Minister of State for Training, Skills, Research and Innovation, John Halligan TD, has welcomed the Mid-term Review of Innovation 2020, published Tuesday 18 June 2019.

Innovation 2020 (I2020), Ireland’s strategy for research and development, science and technology, set a vision for Ireland to become a Global Innovation Leader, driving a strong, sustainable economy and better society. The Mid-term Review of I2020 covers the first three years to December 2018, reviewing the significant progress made. The Review acknowledges the changes in the policy environment and reaffirms the continued relevance of I2020 in ensuring the delivery of excellent research across Ireland. The Review has been carried out by the Department of Business, Enterprise and Innovation on behalf of the I2020 Implementation Group.

Minister Halligan said: “I would like to take this opportunity to acknowledge the dedication and hard work of our research and innovation communities which deliver excellence and impact across all disciplines, in academia and enterprise, in the public and the private sector. Innovation 2020 has put a ‘whole of Government’ stamp on research and development that is carried out through public funding by many Government departments and has kept our objectives and national ambition to the forefront. It has brought together diverse actors across the R&I community to address many cross-cutting issues such as Open Research, research integrity and gender. This Review is a celebration of our collective achievements, which are numerous. However, there is no room for complacency and we need to continue to prioritise research and innovation in the remaining 18 months of this Strategy. The Future Jobs Ireland Strategy and this Mid-term Review are significant as we look to prepare a successor Strategy with a renewed vision for RDI in Ireland post 2020”.

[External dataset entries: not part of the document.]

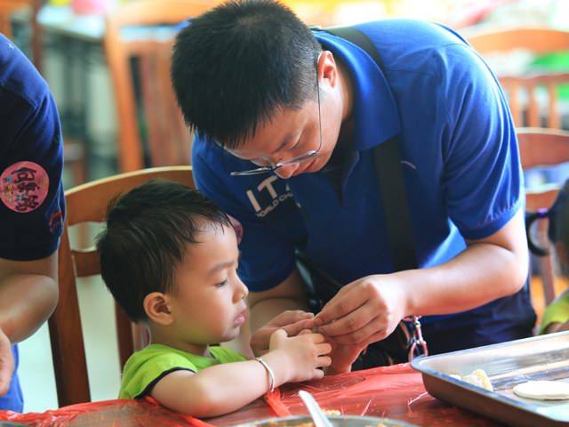 | 2014年6月21日第三届“粑粑Let’s go”在爱婴坊亲子俱乐部——心怡小筑顺利举行。由于早上六点半还下着大雨,估计一个小时内不会停雨,这为粑粑和小朋友出行带来不便,同时为了不让粑粑和小朋友失落,保持参与热情,我们坚持继续举行活动,将活动集中时间由8点改为9点。果然到了集中的时候雨停了,天气非常凉快。 当天活动粑粑和小朋友都积极参与活动,让粑粑在互动游戏、寻宝游戏、包饺子、手工DIY、世界杯齐齐参与中可以近距离观察小朋友的长处、兴趣、爱好,增加亲子关系。以下是这次活动图片: |
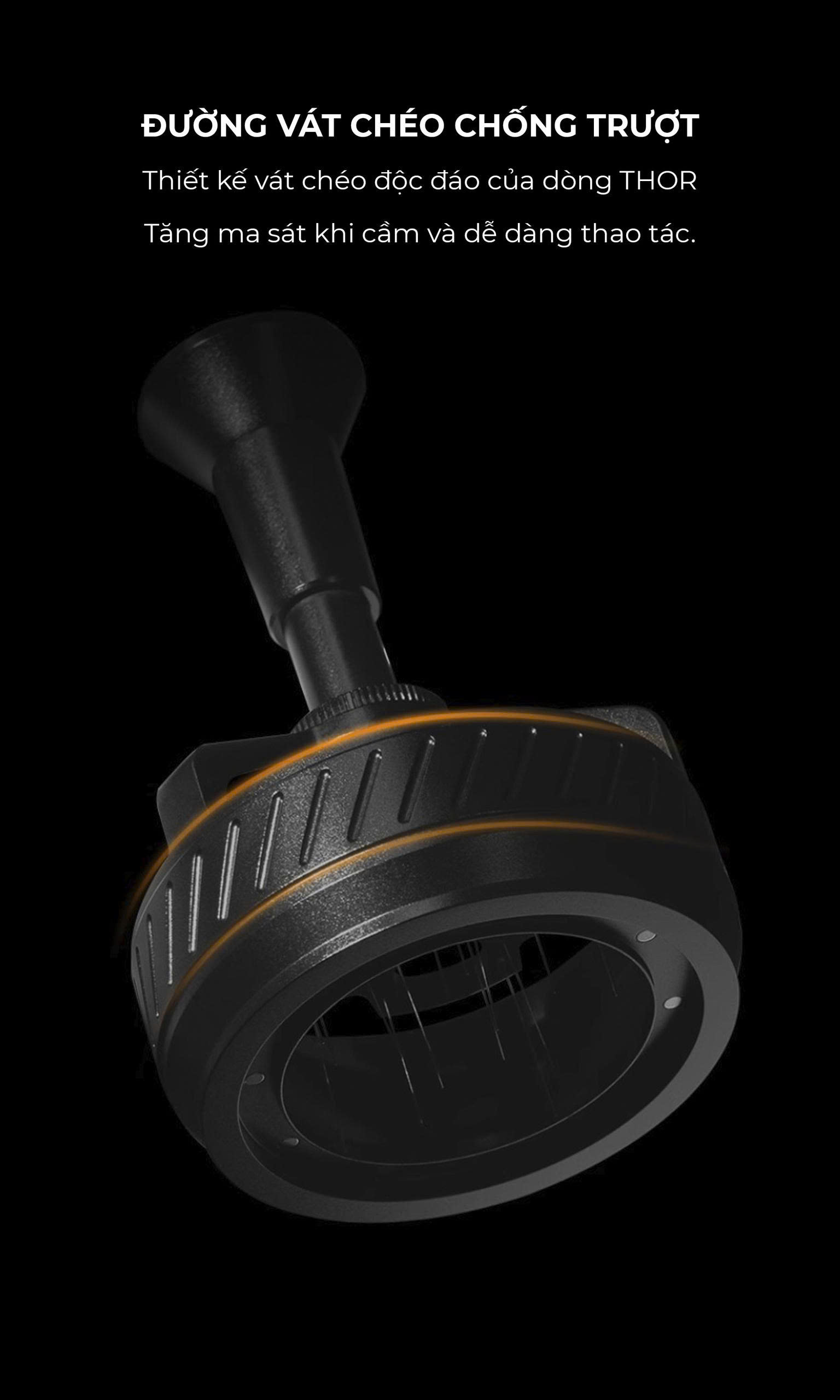 - Tamper lực cố định THOR • Nén thẳng 90° – Chuẩn lực – Có phản hồi âm thanh • Tự động bật lại sau khi nén xong • Không cần kỹ thuật, ai cũng nén đẹp như barista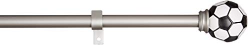 Amazon Basics - Bastone per tende, 1,6 cm, con elementi decorativi a forma di pallone da calcio, 122 cm, Argento

The annual European Innovation Scoreboard, published by the European Commission on 17th June 2019, shows that amid increased innovation performance across the EU, Ireland remains a Strong Innovator and, in 10th place, remains one of the top ten most innovative Member States, above the EU average. The Scoreboard provides a comparative assessment of the research and innovation performance of the EU Member States and the relative strengths and weaknesses of their research and innovation systems. The EU has outperformed the US for the first time.

On the Scoreboard result, Minister Halligan added: “I’m glad to see Ireland maintaining a position in the top ten countries in an increasingly innovative EU. I’m particularly inspired by our success in converting our research, development and innovation efforts into high quality jobs, sales and exports. Innovation in Europe and beyond has been improving steadily over the past several years and Ireland must continue to prioritise investment in RDI to ensure we remain competitive vis a vis both our European colleagues and collaborators and internationally as we continue to strive towards becoming a Global Innovation Leader”.

Performance in innovation across the EU is assessed using 27 indicators across 10 Innovation dimensions. This year, Ireland again tops the Employment impacts and Sales impacts dimensions. Employment impacts measures the impact on employment in knowledge-intensive activities and employment in fast-growing firms in innovative sectors. Sales impacts measures the economic impact of innovation and includes three indicators measuring exports of medium and high-tech products, exports of knowledge-intensive services and sales due to innovation activities.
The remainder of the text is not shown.